Task item: Give again, word for word, each line of the data from the first through the one containing "共晶白口铸铁组织(左)与学堂路上的外墙花纹". Pictures stay out.

Information provided:

- - - - -

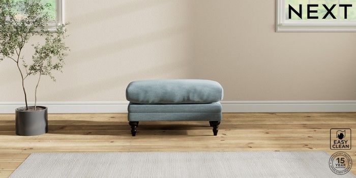 6.12.1 Buy Hutton Deep Relaxed Sit Footstool Fine Chenille Easy Clean Mid Blue High Turned - Dark from the Next UK online shop Click here to use our accessible website
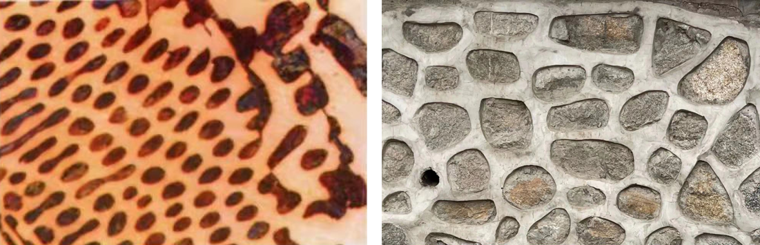 共晶白口铸铁组织(左)与学堂路上的外墙花纹
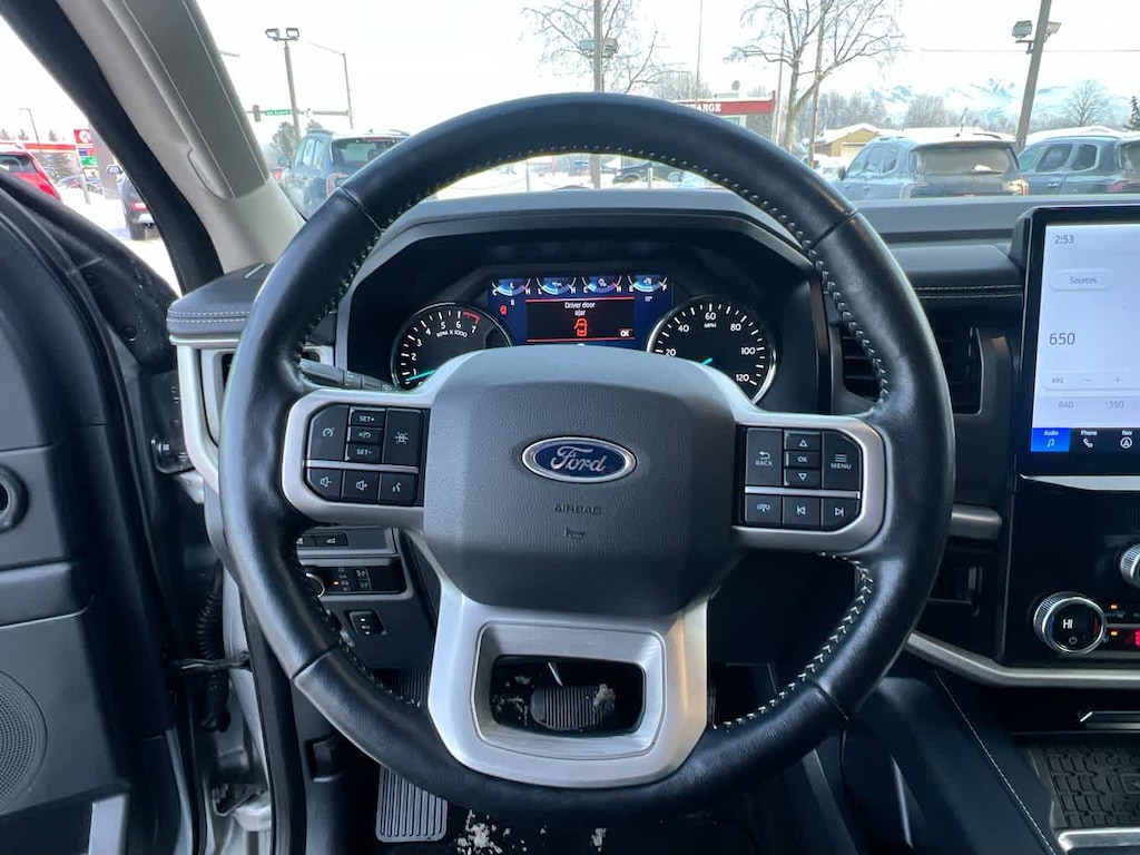 EQUIPMENT GROUP 202A HIGH PACKAGE Heated/Ventilated Front Seats, 110V/150W AC Power Outlet, Power-Adjustable Pedals w/Memory, Bright Chrome Plated Accent Platform Running Boards, Power Tilt/Telescopic Steering Wheel w/Memory, Ambient Lighting, Remote Start, Advanced Security Pack, SecuriLock Passive Anti-Theft System (PATS) and inclination/intrusion sensors, Wireless Charging Pad, Located in media hub, Power Liftgate, 2nd Row Power-Folding Captains Chairs, armrests and tip-and-slide, Accent Color Painted Rear Bumper, Heated Steering Wheel, Power-Folding Sideview Mirrors w/Autofold, power and heated glass, turn signal indicators, security approach lamps, driver/passenger side memory, drivers side auto-dimming and body-color caps, 3rd Row Vinyl Power-Folding Head Restraints, power recline, TRANSMISSION: 10-SPEED AUTOMATIC W/SELECTSHIFT (STD). Ford XLT with Iconic Silver exterior and Black Onyx interior features a V6 Cylinder Engine with 380 HP at 5000 RPM*.

- - - - -

Task answer:
 6.12.1 Buy Hutton Deep Relaxed Sit Footstool Fine Chenille Easy Clean Mid Blue High Turned - Dark from the Next UK online shop Click here to use our accessible website
 共晶白口铸铁组织(左)与学堂路上的外墙花纹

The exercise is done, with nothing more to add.